* _ASSIGNMENT_
Reproduce the lines below exactly. Skip images.

* _AVAILABLE DATA_
────────────────

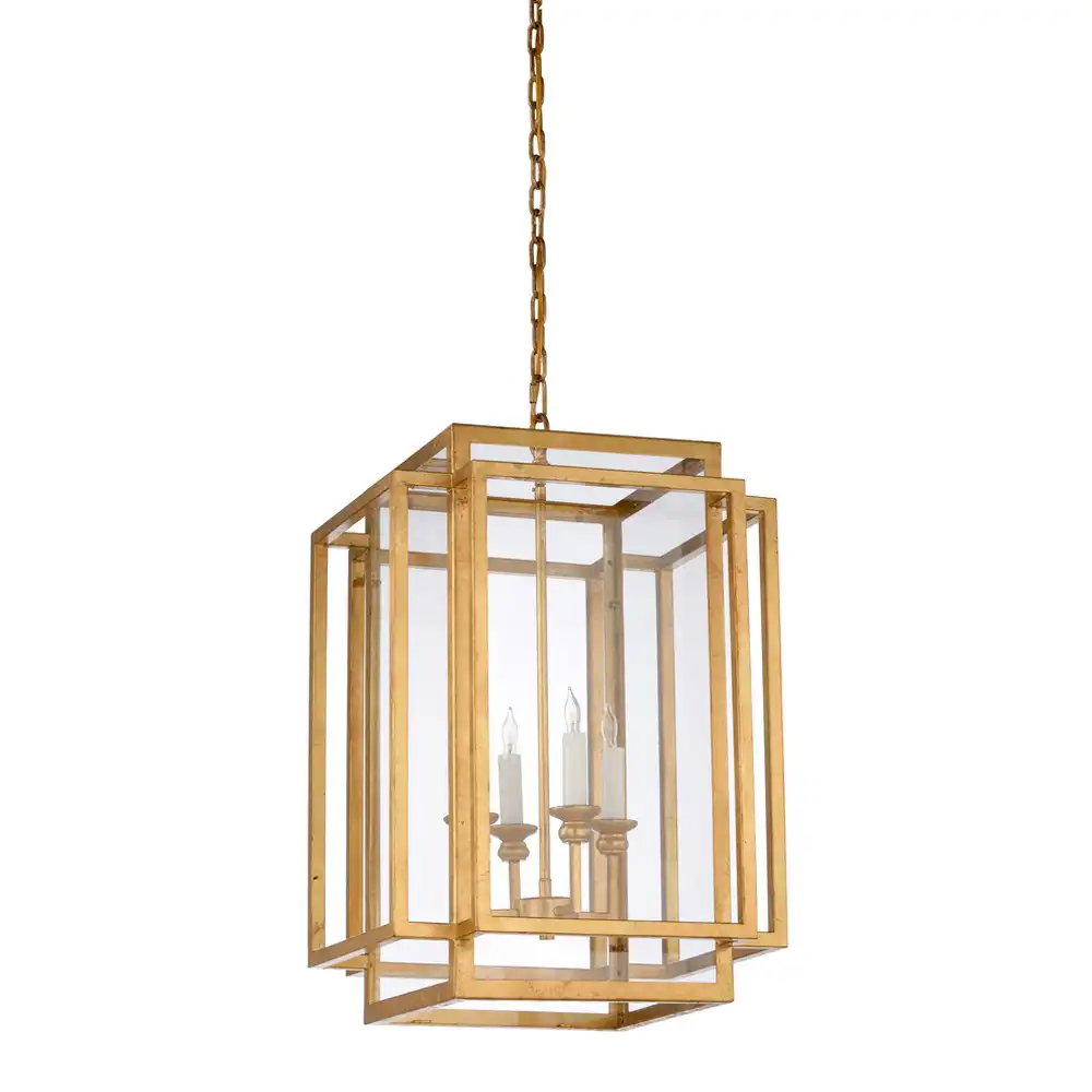 The Regalia 4-Light Geometric Lantern Pendant redefines timeless elegance through the harmony of clean architectural lines and a warm, handcrafted finish. Constructed from high-strength metal, this pendant light features a brushed antique gold finish with a subtle satin luster, creating a sophisticated yet inviting aesthetic. The hand-applied patina lends depth and character to the fixture, highlighting the artisanal quality of each frame.
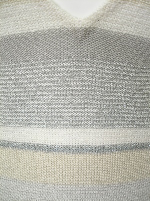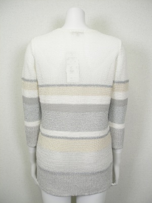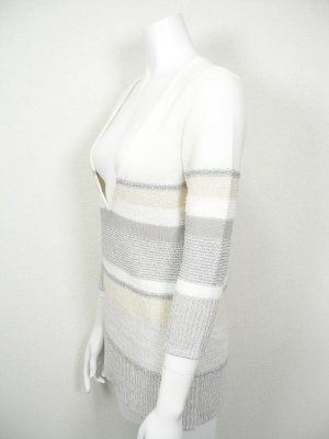 シャリッとした肌触りの深Vネックニット。淡い色合いのボーダー柄で、ボーダーの一部にラメ糸を使用。
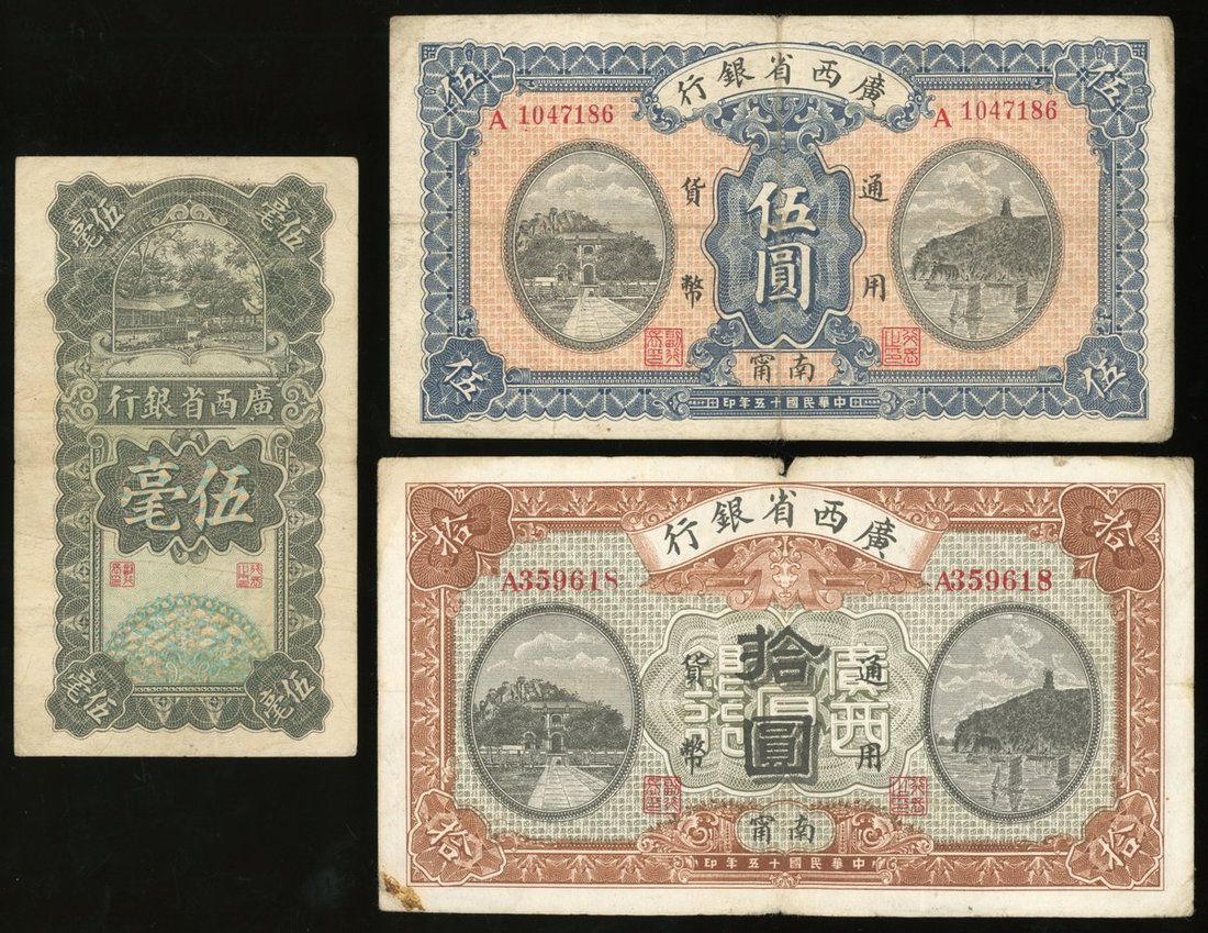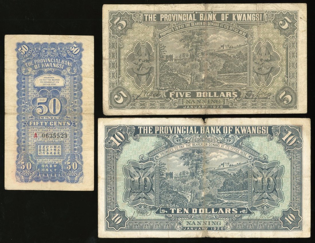 Provincial Bank of Kwangsi, China, a group of 3x, including, -5 and 10 yuan, Year 15 (19126),

────────────────

* _RESULT BELOW_
 The Regalia 4-Light Geometric Lantern Pendant redefines timeless elegance through the harmony of clean architectural lines and a warm, handcrafted finish. Constructed from high-strength metal, this pendant light features a brushed antique gold finish with a subtle satin luster, creating a sophisticated yet inviting aesthetic. The hand-applied patina lends depth and character to the fixture, highlighting the artisanal quality of each frame.
 シャリッとした肌触りの深Vネックニット。淡い色合いのボーダー柄で、ボーダーの一部にラメ糸を使用。
 Provincial Bank of Kwangsi, China, a group of 3x, including, -5 and 10 yuan, Year 15 (19126),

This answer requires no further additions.